64-bit Windows client support was introduced in Power Pack 1, though the Restore Wizard on the Windows Home Server Restore CD is unable to restore clients running 64-bit operating systems, due to the fact that the Restore CD does not support 64-bit drivers. Windows XP Professional x64 isn't officially supported. However, unofficial workarounds allow Connector software to work on XP x64.

Integration of the file sharing service as a location for Mac OS X's Time Machine was apparently being considered, but upon Mac OS X Leopard's release, Apple had removed the ability to use the SMB file sharing protocol for Time Machine backups. One WHS provider, HP, provides their own plug-in with their home server line capable of Time Machine backup to a home server.

Windows Home Server has not officially supported Domain Controller capability and cannot readily join a Windows Server domain. Wireless networking is supported.
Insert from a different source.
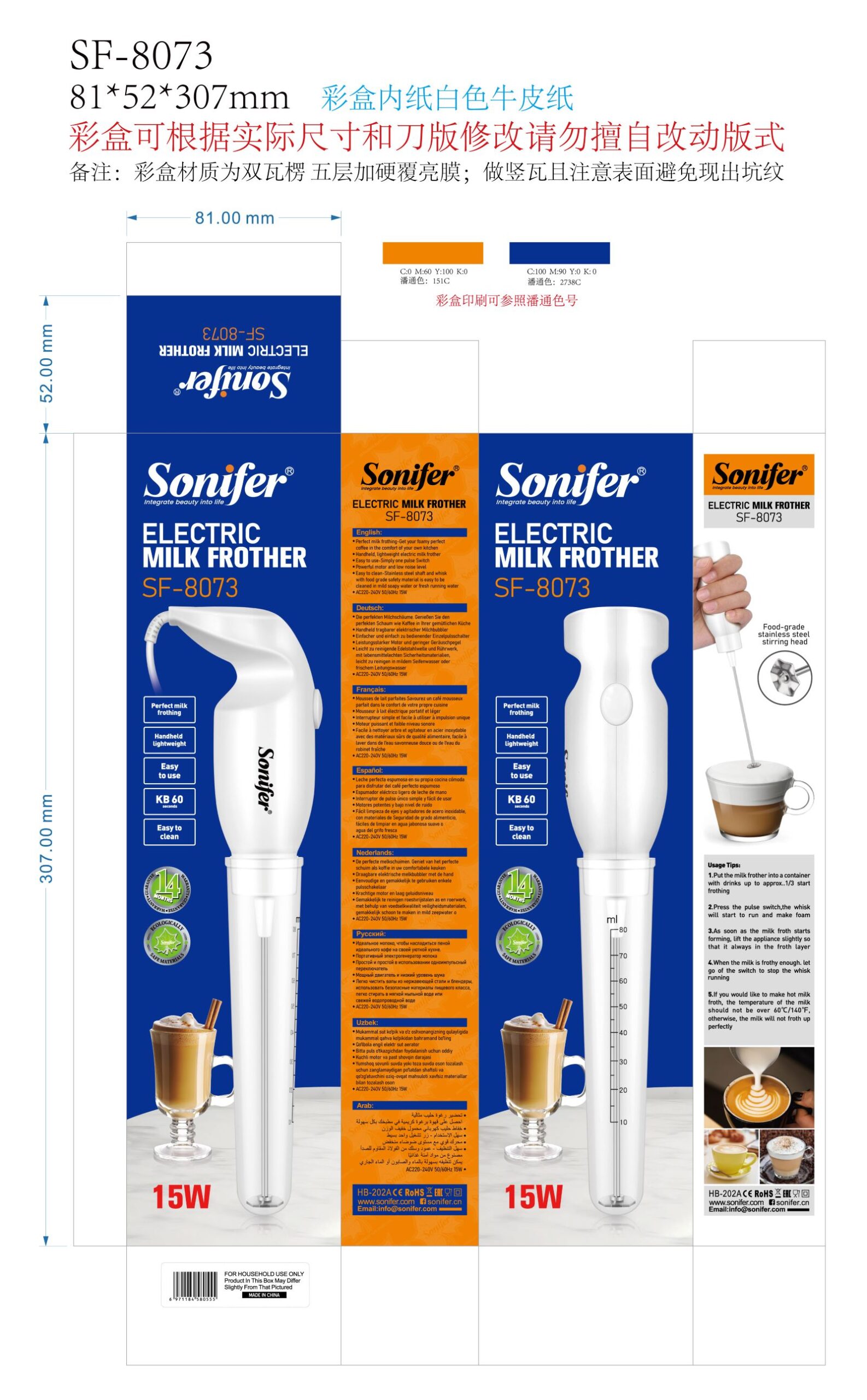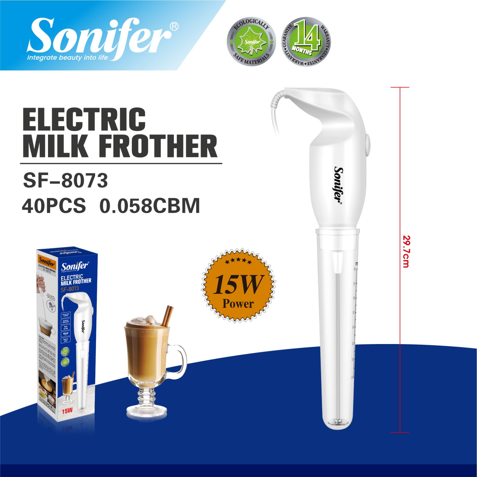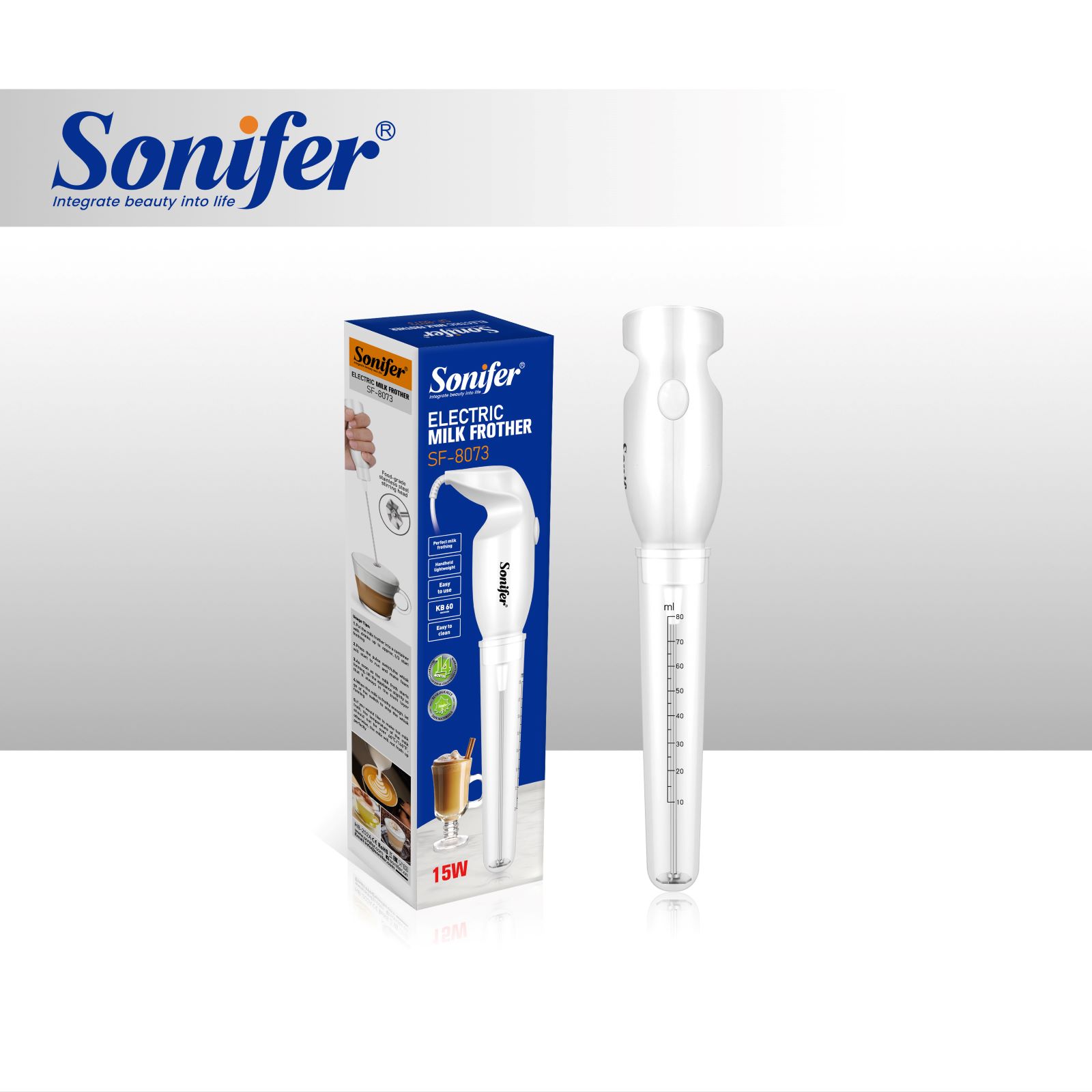 Pieno plakiklis Sonifer SF-8073 – rankinis, kompaktiškas ir patogus prietaisas, skirtas pieno plakimui ir purių putų gamybai. Su 15 W galia bei ABS ir nerūdijančio plieno konstrukcija, šis modelis idealiai tinka naudoti namuose.
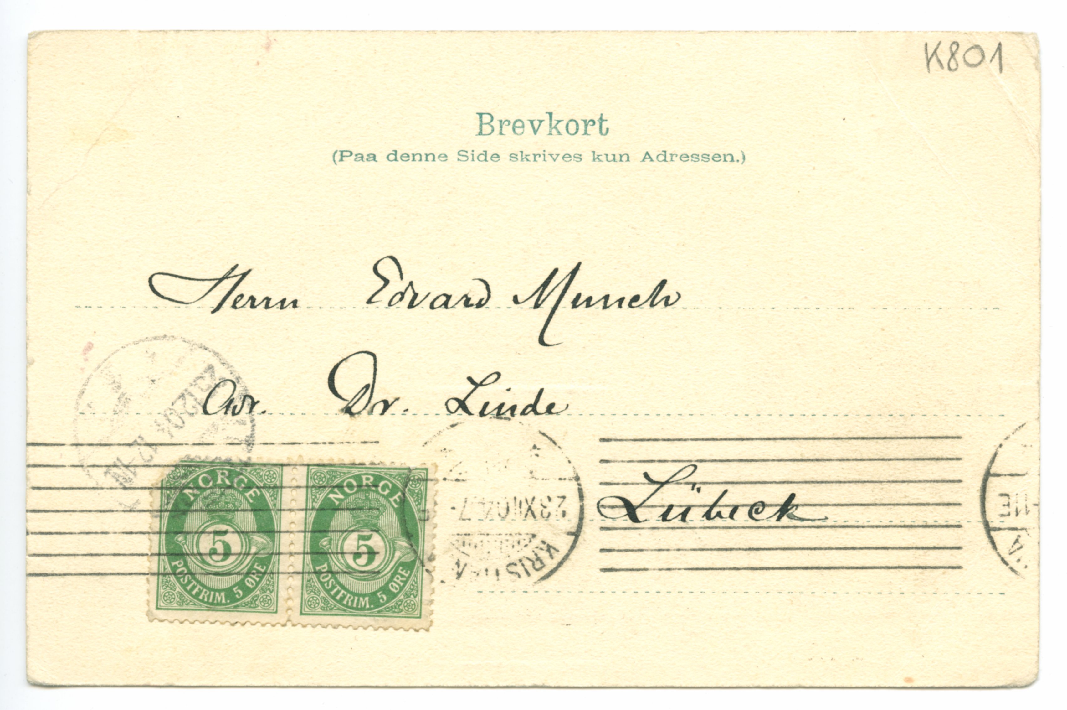 MM K 801, Munchmuseet. Datert 23.12.1904. Brev fra Harald Nørregaard, Aase Nørregaard.

Dedicated devices will have the operating system pre-installed and may be supplied with a server recovery disk which reloads the OS over a network connection. This is utilized on the HP MediaSmart Server, and the Fujitsu Siemens Scaleo Home Server.

System requirements
| Requirement | Requirements |  |
x86
| CPU | 1.0 GHz Intel Pentium III (or equivalent) |  |
| Memory | 512 MB |  |
| Free space | 80 GB |  |
| Media | DVD drive or USB flash drive |  |
| Network | 100 Mbit/s Ethernet |  |
| Input device(s) | Keyboard and mouse |  |

== Resolved issues ==

=== File corruption ===
The first release of Windows Home Server, RTM (release to manufacturing), suffered from a file corruption flaw whereby files saved directly to or edited on shares on a WHS device could become corrupted. Only the files that had NTFS Alternate Data Streams were susceptible to the flaw. The flaw led to data corruption only when the server was under heavy load at the time when the file (with ADS) was being saved onto a share.

Backups of client PCs made by Windows Home Server were not susceptible to the flaw.

Even though the issue was first acknowledged in October 2007, Microsoft formally warned users of the seriousness of the flaw on 20 December 2007. Microsoft then issued a list of applications, including Windows Live Photo Gallery, Microsoft OneNote, Microsoft Outlook and SyncToy 2.0, which might have triggered the flaw if they were used to edit the files on a WHS share directly.

This issue was fixed by Power Pack 1, released on 21 July 2008.

=== No native backup ===
Windows Home Server RTM did not include a mechanism for backing up the server. Power Pack 1 added the ability to back up files stored on the Shared Folders, to an external drive. Users can also subscribe to 3rd-party online services, for a fee. However, there remains no way to back up the installed server operating system. Backing-up of the client backup database is available either manually using the instructions provided by Microsoft on page 24 of this document or can be done using the WHS BDBB add-in written by Alex Kuretz and available from this website.

== Pricing ==
While some hardware manufacturers have developed dedicated boxes, Microsoft has also released Windows Home Server under the OEM/System Builder license. In November 2008, Microsoft lowered the price of the WHS System Builder SKU to US$100.

Users can also choose to use an existing PC or build their own systems, which would include the use of WHS System Builder.

As of 23 March 2009, Microsoft has also made Windows Home Server available to MSDN and Microsoft Technet subscribers.

Some computer systems are available only with a bundled Windows Home Server license. As is the case with other versions of Windows it is possible to request a refund of the license fees paid for Windows Home Server.